Since each mother machine channel typically accommodates up to 6 bacteria, some of the bacterial progeny was pushed out from the open end of the hosting channels during the single-cell assay, and the fate of such cells during T4 exposure could not be directly measured. Therefore, we predicted the probabilities of the possible fates of these cells (i.e., killed by T4 or surviving T4) based on the measurable fate for the remaining 95% of the population. Moreover, filamentation was defined as a cell over twice the average length of control bacteria growing in the hosting channels of the mother machine (i.e., longer than 7 μm).

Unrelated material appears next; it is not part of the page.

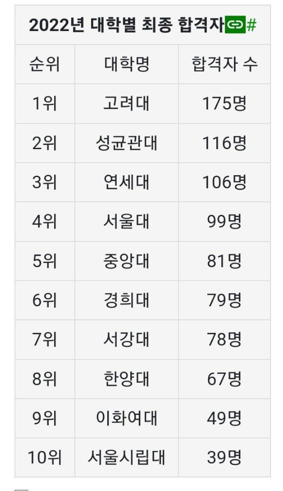 2022년 기준 대학별 최종 합격자수입니다. 2022년 공인회계사 시험에서는 고려대 출신 응시생이 가장 많이 합격하였습니다.
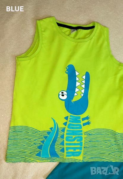 Бермуди, потник и блузка с динозавър за ръст 116-122 см. 6-7 год. Отлично състояние.

In order to measure the phage population dynamics, the mother machine outflow was collected hourly into tubes containing 1 mg/ml kanamycin to prevent phage replication and serially diluted in LB and spotted on plates prepared as follows: 4 ml of liquid 0.5% LB agar was pipetted onto plates containing 1.5% LB agar. A volume of 200 μl of an overnight E. coli culture (E. coli BW25113 or E. coli B in the case of phage T4 and phage T3, respectively) was added to each plate, followed by 100 μL of each phage dilution. Plates were incubated overnight at 37°C, and plaque counts were enumerated. Only plates containing 30 to 300 plaques were counted.

In order to measure the number of particles reaching individual spatial refuges, we used fluorescent nanoparticles with size similar to bacteriophage T4 (i.e., amine-modified polystyrene beads conjugated to orange fluorescent dye, diameter range 100 to 120 nm, Sigma-Aldrich, St. Louis, Missouri, USA). Such nanoparticles were injected in the mother machine at a concentration of 10⁷ particles ml⁻¹ at a flow rate of 100 μl h⁻¹, and their diffusion in 20 spatial refuges was continuously imaged for 2 h via a Texas red filter, a green LED at 100% intensity, and a camera exposure time of 0.1 s. This experiment was performed in triplicate.